The skull radiography showed normal findings in the bones. Brain computerized tomographic scan to exclude intracranial extension of the lesion was not done due to financial constraints. The clotting profile was normal. The packed cell volume was 21.4 % while other components of the complete blood count results were within normal limits. An aspirate from the swellings was haemorrhagic and did not clot in the syringe after 5–10 min. The aspirate did not yield any pathogen. At this point, a diagnosis of acute soft head syndrome was made.

While on admission, the scalp swellings progressively reduced in size. He was discharged home after 11 days of hospital admission to come back for follow-up. Physical examination during the follow-up visit 2 weeks after discharged home revealed that the scalp swellings had completely resolved (Fig. 2).

Fig. 2.

Fig. 2

Showing the head 2 weeks after discharge

Discussion

Sickle cell anaemia, characterized by homozygous presence of haemoglobin S, is a common cause of chronic anaemia among children of African descent [1]. In this condition, chronic anaemia leads to an increased need for blood production and results in intra-medullary or extra-medullary haematopoiesis [2]. Because of this increased need for blood, chronic anaemia is associated with increased cardiac output and high blood flow velocity, and it may lead to arterial tortuosity [3].

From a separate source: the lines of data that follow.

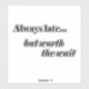 Are you always running late? Let everyone know why you are being that person on the road with this decal sticker.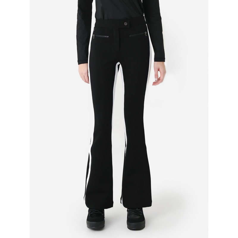 Water-resistant ski pant with contrast side stripes and a flared silhouette.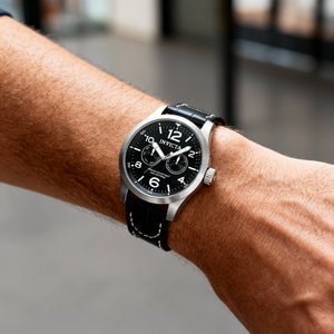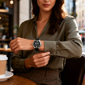 • **Estilo clásico y uso cómodo:** Cuenta con una elegante esfera negra y una correa de cuero negro genuino, que combina una estética atemporal con comodidad durante todo el día.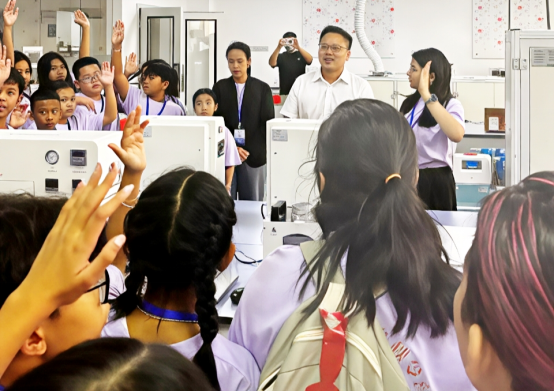 在光储直柔工程研究中心研学时,现场展示的涂布机、对辊机、叠片机、化成机、辊压机等先进设备引起了泰国师生的浓厚兴趣,他们认真聆听技术人员的讲解,尤其在互动环节纷纷举手,就技术原理、实际应用及未来发展前景展开了热烈交流。

Acute soft head syndrome is an uncommon manifestation of sickle cell disease but there are isolated case reports of children who presented with acute, rapidly progressive skull pain and swelling [2, 4]. The pathogenesis of this condition is not fully understood, but probably it is related to the skull infarction. It is thought that the expansion of intramedullary haematopoietic tissue results in the disruption of the inner and outer skull margins which may lead to thinning of cortical bones. These altered bone and periosteal structures as well as local vessel wall necrosis due to vaso-occlusion precipitate non-traumatic extravasation of blood and haematopoietic tissue into the subgaleal and epidural spaces [5].

The differential diagnosis in a child with haematoma must include bleeding diathesis. In the index case however, platelet count, prothrombin time and partial thromboplastin test were all within normal limits. The steady state packed cell volume of the patient herein reported was not known but is likely to have been higher than 21 % observed on admission. However, the patient remained stable even without blood transfusion.

Computed tomography (CT) scan and magnetic resonance imaging (MRI) scan have significant roles in the differential diagnosis of the sickle cell anaemia patient with skull swellings. The CT and MRI findings in bone infarction are limited to soft tissue swelling and fluid collections. In bone infarction, disruption of normal trabecular architecture is initially seen at CT but difficult to detect [6]. MRI is much more sensitive than CT for detection of bone infarction [6]. At T2-weighted and short inversion time inversion-recovery MRI, areas of high signal intensity represent bone marrow edema and infarction [6]. At contrast material–enhanced MRI, areas of infarction demonstrate heterogeneous, rim-like enhancement [6]. However, neither investigation could be done in the reported case due to financial constraints.

Most cases of acute soft head syndrome in children with sickle cell disease resolve with conservative management that includes treatment of the vaso-occlusive crises with intravenous fluids and analgesics [6]. Our patient received this conservative management and did well. Empiric uses of broad-spectrum antibiotics as in the reported case is advisable because patients with sickle cell disease are susceptible to infection and it is often difficult to clinically differentiate infarction from infection [7].

In conclusion, acute soft head syndrome is a rare complication in children with sickle cell anaemia. Our case and others emphasize the need to recognize skull infarction, possibly resulting in subperiosteal haematomas, as possible causes of headache and skull swellings in sickle cell anaemia patients.